San Fernando is just one place where young musicians are getting an education in mariachi.

The city's program, which meets at San Fernando Middle School, is one of hundreds in the Southwest where students are learning about the lively Latino music.

There are, in fact, so many instructional programs in the United States that some say it's better to learn mariachi north of the border.

"In Mexico, if you're thinking about education, about mariachi - yeah, you can find good mariachi there. But as far as education for the kids to learn, they're kind of behind a little bit," said Nati Cano, a 75-year-old mariachi musician who helped establish the San Fernando program.

Sergio "Checo" Alonso, 32, one of the instructors in the city's Mariachi Master Apprentice Program, has been appointed to a National Association for Music Education working group on mariachi music. The group has finished one book on mariachi and is working on another.

The National Association for Music Education counts more than 1,100 members who use its resources on mariachi education. Mariachi instruction is particularly big in Texas and other parts of the Southwest, but many Washington state teachers are also involved in the association's mariachi program.

Mariachi music is a folk tradition that goes back more than 200 years to Jalisco, Mexico. A basic mariachi band has three violins, two trumpets, a guitar and two uniquely Mexican instruments that resemble a guitar - the vihuela and the guitarron.

Traditionally, the music is played by ear. But with the explosion of mariachi instruction in the United States in recent decades, more young people are learning to read sheet music.

It's not the first change the art form has seen. The harp once was a fixture of any mariachi band, but these days it takes mobility to play at weddings, baptisms and countless other family events, and a harp is too big to lug around.

But at the San Fernando mariachi program, with its emphasis on teaching the music's roots, there's a harp.

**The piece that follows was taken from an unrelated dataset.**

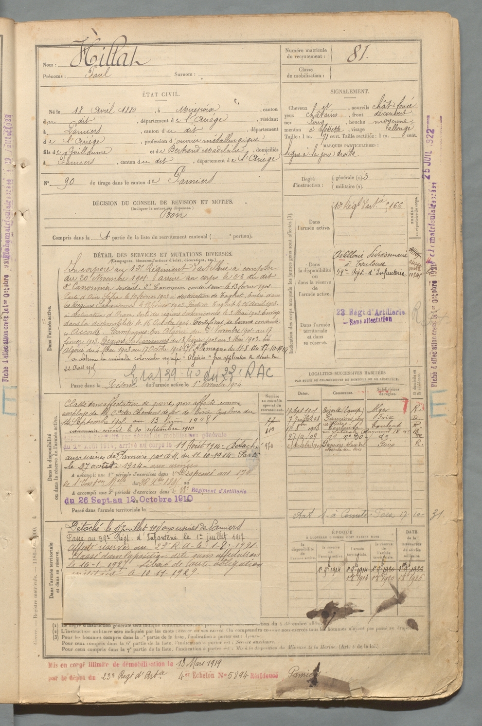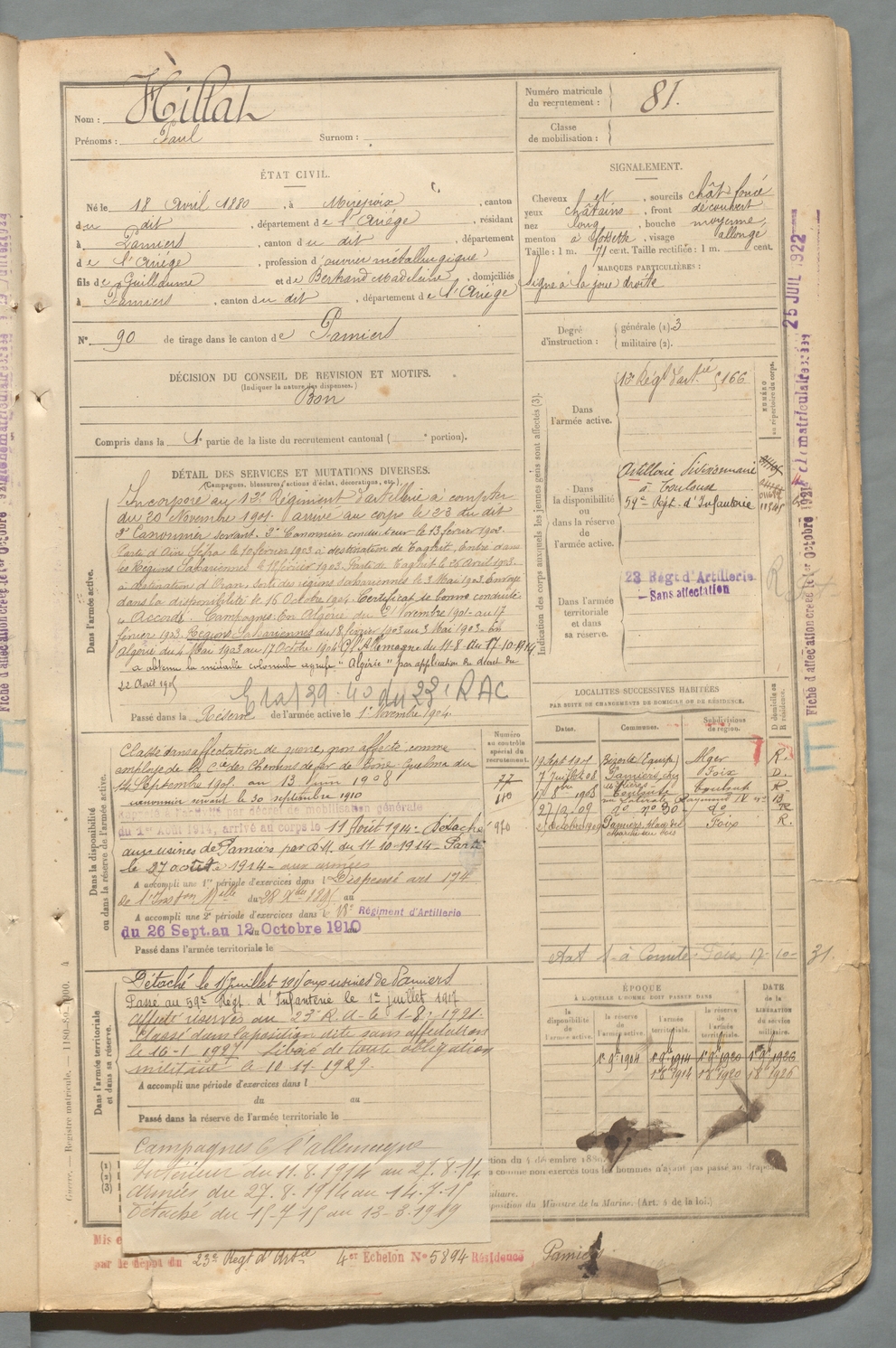 | Hillat | Paul | FOIX | 129 W 2 | 1900 | Mirepoix | Pamiers | 81 |

It's played by a 10-year-old girl from Anaheim who comes every Tuesday for the program's three hours of lessons.

Maria Erana is a mariachi festival organizer and the director of broadcasting for Radio Bilingue, which has six stations in California. She, too, says mariachi music is thriving in the United States.

"Definitely, when people in Mexico see the kind of instruction that there is in mariachi music here in the U.S., with all the schools offering mariachi programs and conferences and concerts, ... they're really surprised," she said.